At 8 months, he's a baby still.


----------



## alexg

That should read "How young ..."


----------



## N Smith

I have to agree with the above posts - physically, yes, he may be able to breed. But I think the question is WHY would you want to breed a dog that young? I can't even imagine a scenario that would make me want to breed a dog that is not even close to reaching his fully developed state (Temperament, Body etc)

At 24 months OFA can be done, I suggest Hips, Elbows, Heart and Thyroid at a minimum - that's right, a minumum. There is no excuse for not health testing the WHOLE dog, not just one section. The tests are affordable and can be done by an experienced vet. 

Both parents need them, even better if you have generations of dogs behind them that are tested too!

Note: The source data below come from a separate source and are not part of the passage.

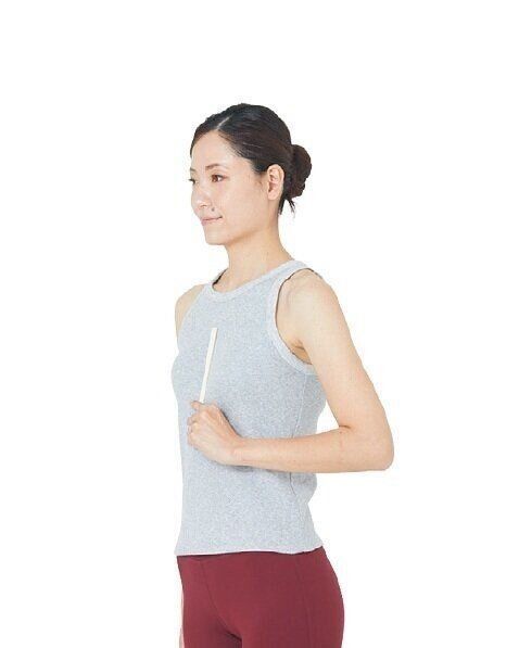 割りばしやペンを胸の中央に縦に置き、片手で押さえる。
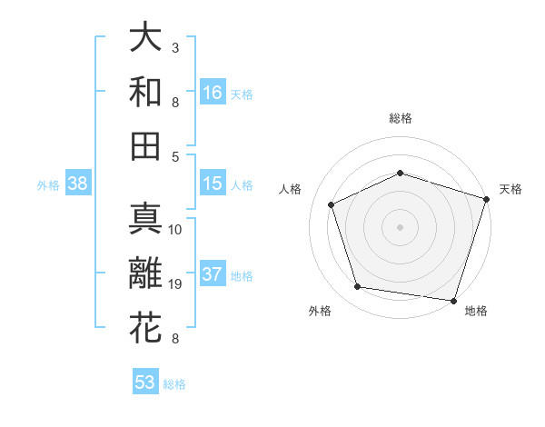 大和田 真離花さんを姓名の画数から五運を鑑定
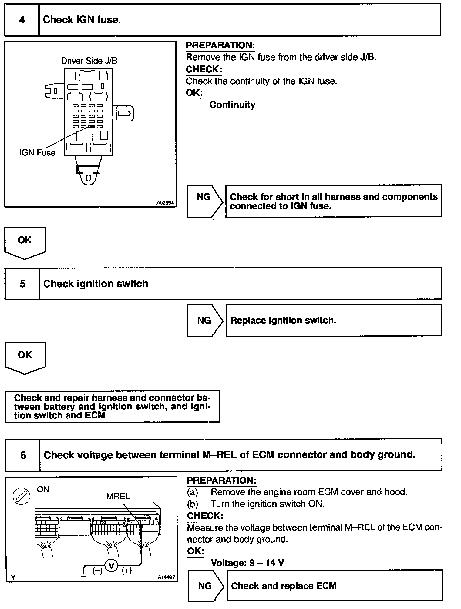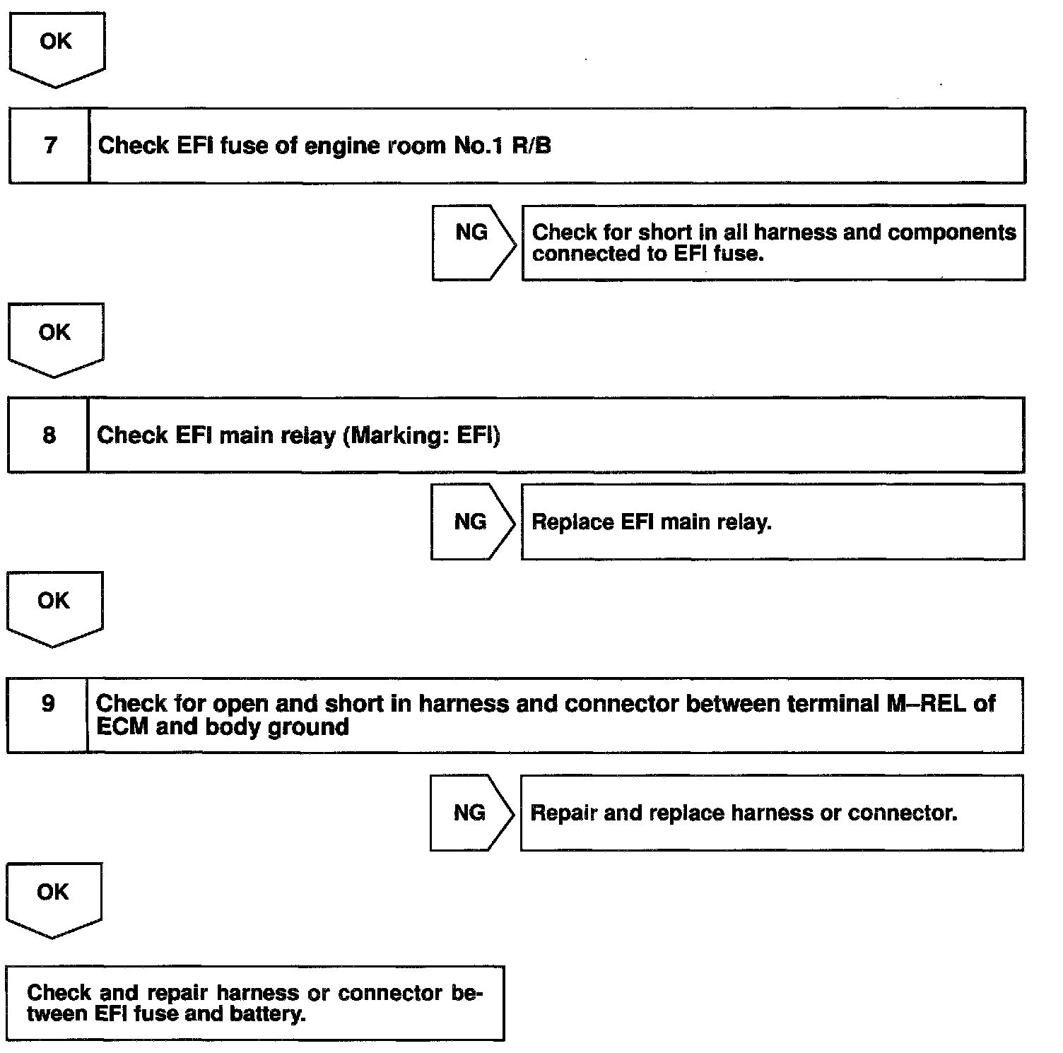 When the ignition switch is turned ON, battery positive voltage is applied to terminal IGSW of the ECM and the EFI main relay (Marking: EFI) control circuit in the ECM sends a signal to terminal MREL of the ECM switching on the EFI main relay.

Then get out there and get a third party evaluation(s) of your dog by someone that does NOT have a vested interest in the dog.

The only reason to breed is to improve on the last generation - when I breed, I want the next generation to come out better than the one I started with. ALL AROUND, balanced, stable working dogs who are versatile enough to work in multiple venues (Herding, sport work, service etc). If you do not have a goal set forth, that is where I would start. Ask yourself "What am I trying to accomplish with this breeding?". 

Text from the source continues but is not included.